WORK ORDER:
Set each record down exactly, excluding all images.

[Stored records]
※ ※ ※

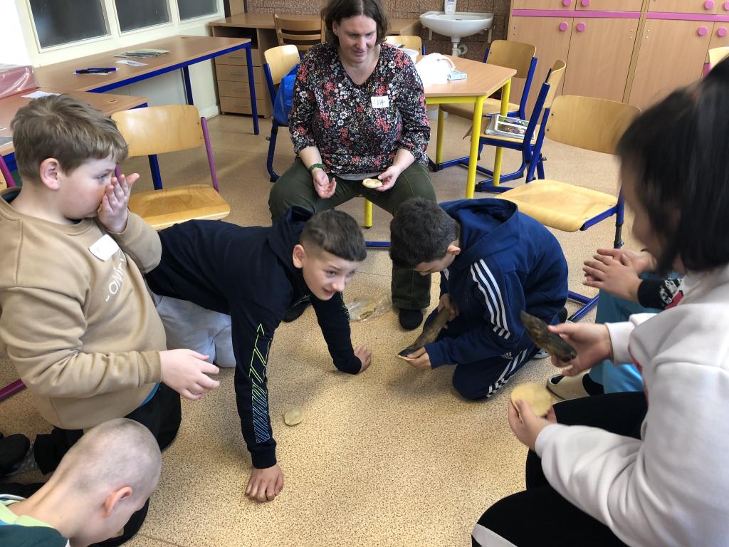 Žáci se hravou formou seznámili s životem v lese. Naučili se, jakým způsobem můžeme zvířata lesa rozlišit a jak je rozdělujeme podle toho, kde žijí. Do těsta si potom vytlačili stopu divokého zvířete.
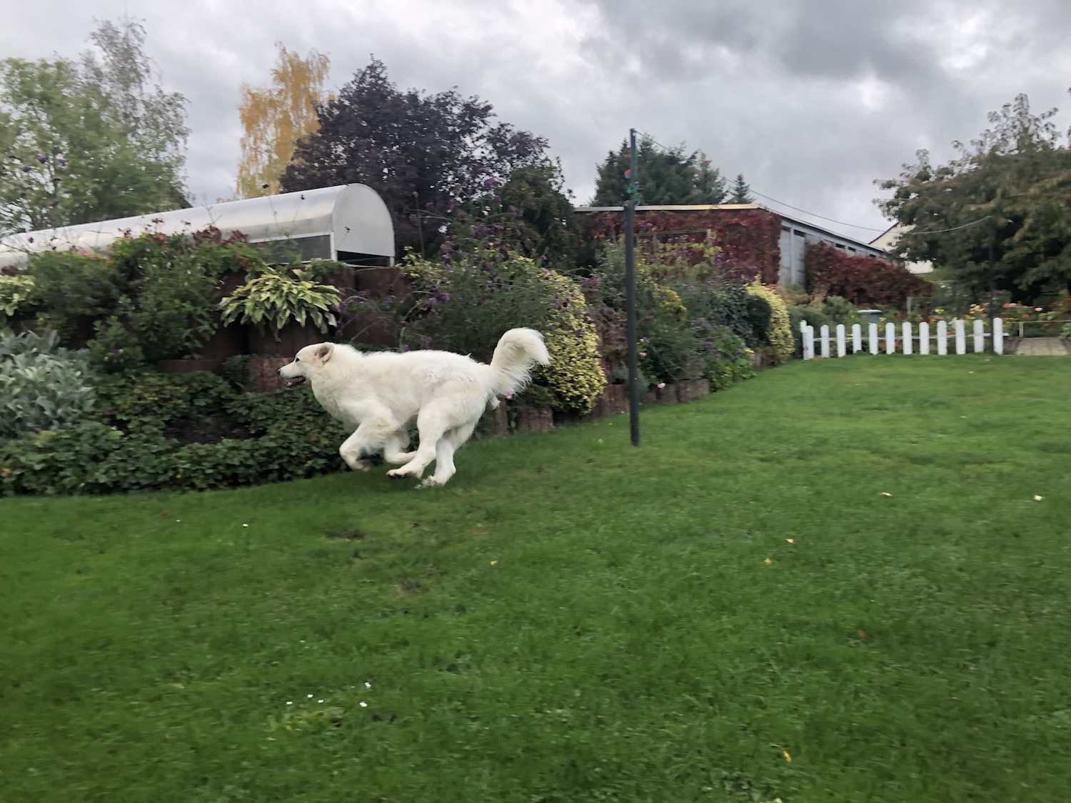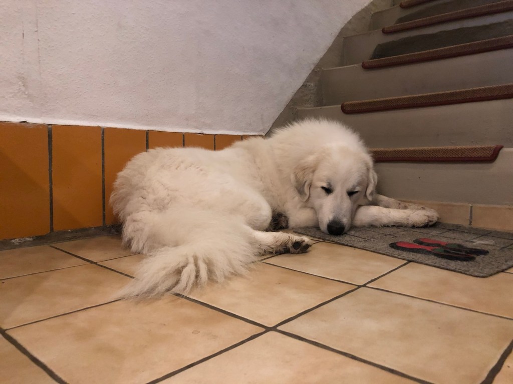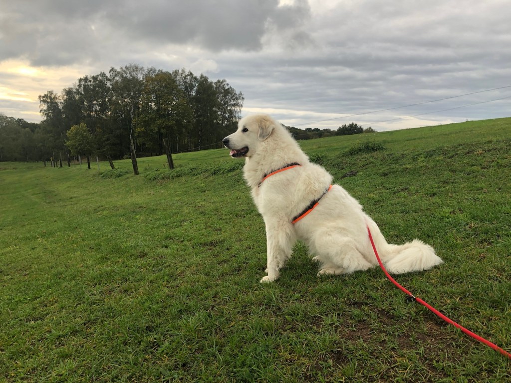Heute ist wieder Matschepampewetter gewesen. Aber ich habe mit meinem großen Mensch einen Morgenspaziergang gemacht. Durch die Siedlung. Und da hat es nicht mehr geregenwettert. Weil ich so ganz lieb gelaufen bin, durfte ich auf dem Heimweg bestimmen, wo wir langgehen. Ich bin eine Herdenschutzhündin, ich kann ganz alleine Entscheidungen treffen. Jawoll.
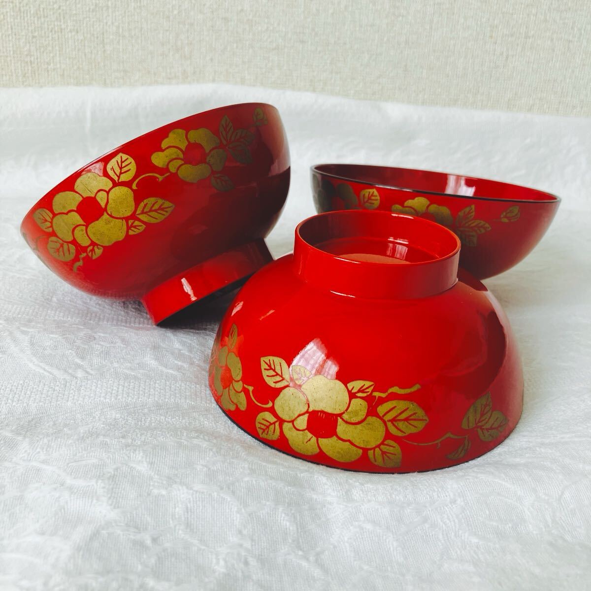 - m37)汁碗 椿 3客セット 味噌汁 吸い物 昭和 レトロ ビンテージ 食器 ヴィンテージ 皿
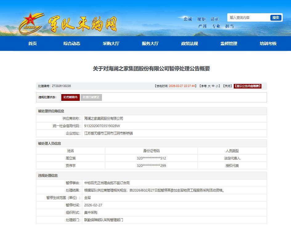 近日,知名服饰企业海澜之家因“中标后无正当理由拒不签订合同”,被联勤保障部队采购管理部门暂停全军采购资格,这一处罚不仅是对企业失信行为的有力惩戒,更折射出公共采购领域对契约精神的刚性要求。
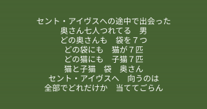 男や奥さん、猫や子猫たちは、「私」がセント・アイヴスに行く途中で出会っただけで、誰もセント・アイヴスには向っていません。
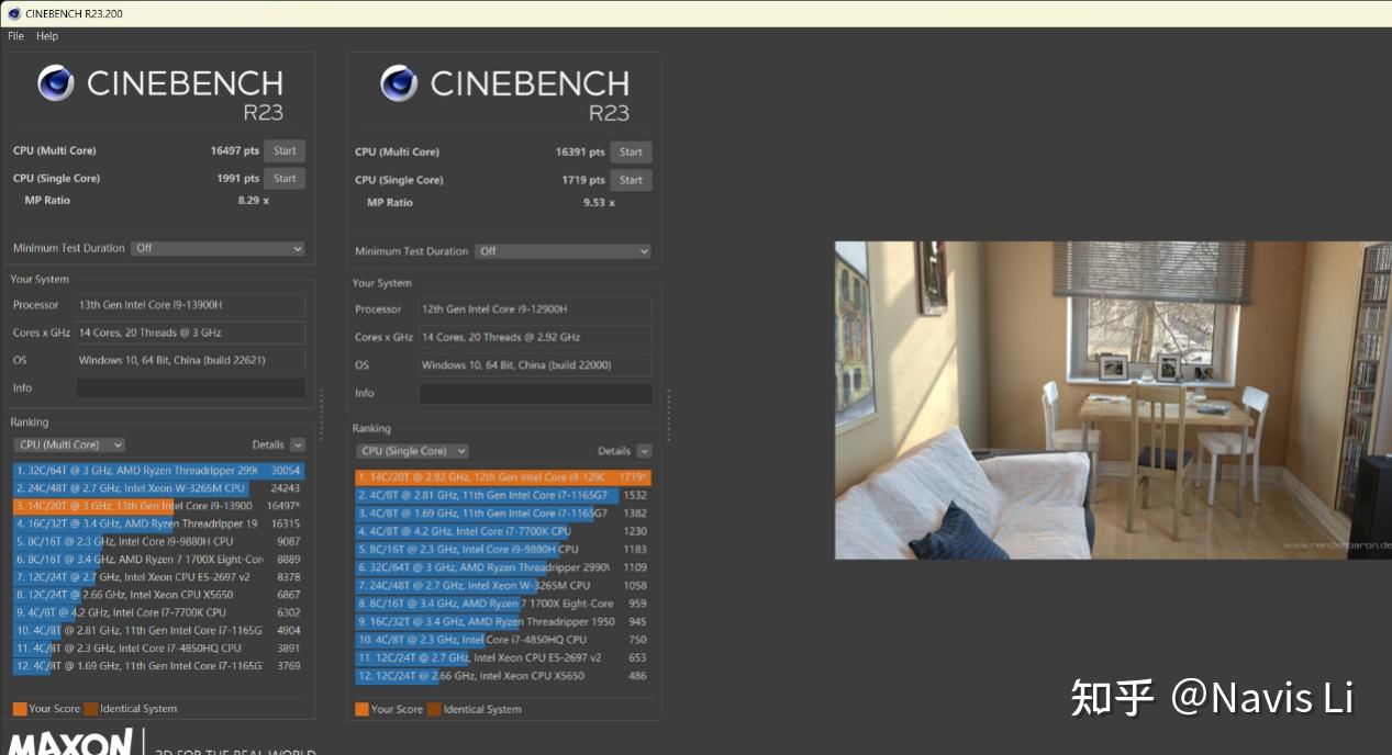 在R23的测试中可以看到,单核成绩可以做到 1991 pst,多核为 16497,单核和多核成绩均超过了之前测试的80W的i9-12900H,尤其是单核成绩提升达15%,灵耀14 的这个表现还是很出色的。

※ ※ ※

TASK ANSWER:
 Žáci se hravou formou seznámili s životem v lese. Naučili se, jakým způsobem můžeme zvířata lesa rozlišit a jak je rozdělujeme podle toho, kde žijí. Do těsta si potom vytlačili stopu divokého zvířete.
Heute ist wieder Matschepampewetter gewesen. Aber ich habe mit meinem großen Mensch einen Morgenspaziergang gemacht. Durch die Siedlung. Und da hat es nicht mehr geregenwettert. Weil ich so ganz lieb gelaufen bin, durfte ich auf dem Heimweg bestimmen, wo wir langgehen. Ich bin eine Herdenschutzhündin, ich kann ganz alleine Entscheidungen treffen. Jawoll.
 - m37)汁碗 椿 3客セット 味噌汁 吸い物 昭和 レトロ ビンテージ 食器 ヴィンテージ 皿
 近日,知名服饰企业海澜之家因“中标后无正当理由拒不签订合同”,被联勤保障部队采购管理部门暂停全军采购资格,这一处罚不仅是对企业失信行为的有力惩戒,更折射出公共采购领域对契约精神的刚性要求。
 男や奥さん、猫や子猫たちは、「私」がセント・アイヴスに行く途中で出会っただけで、誰もセント・アイヴスには向っていません。
 在R23的测试中可以看到,单核成绩可以做到 1991 pst,多核为 16497,单核和多核成绩均超过了之前测试的80W的i9-12900H,尤其是单核成绩提升达15%,灵耀14 的这个表现还是很出色的。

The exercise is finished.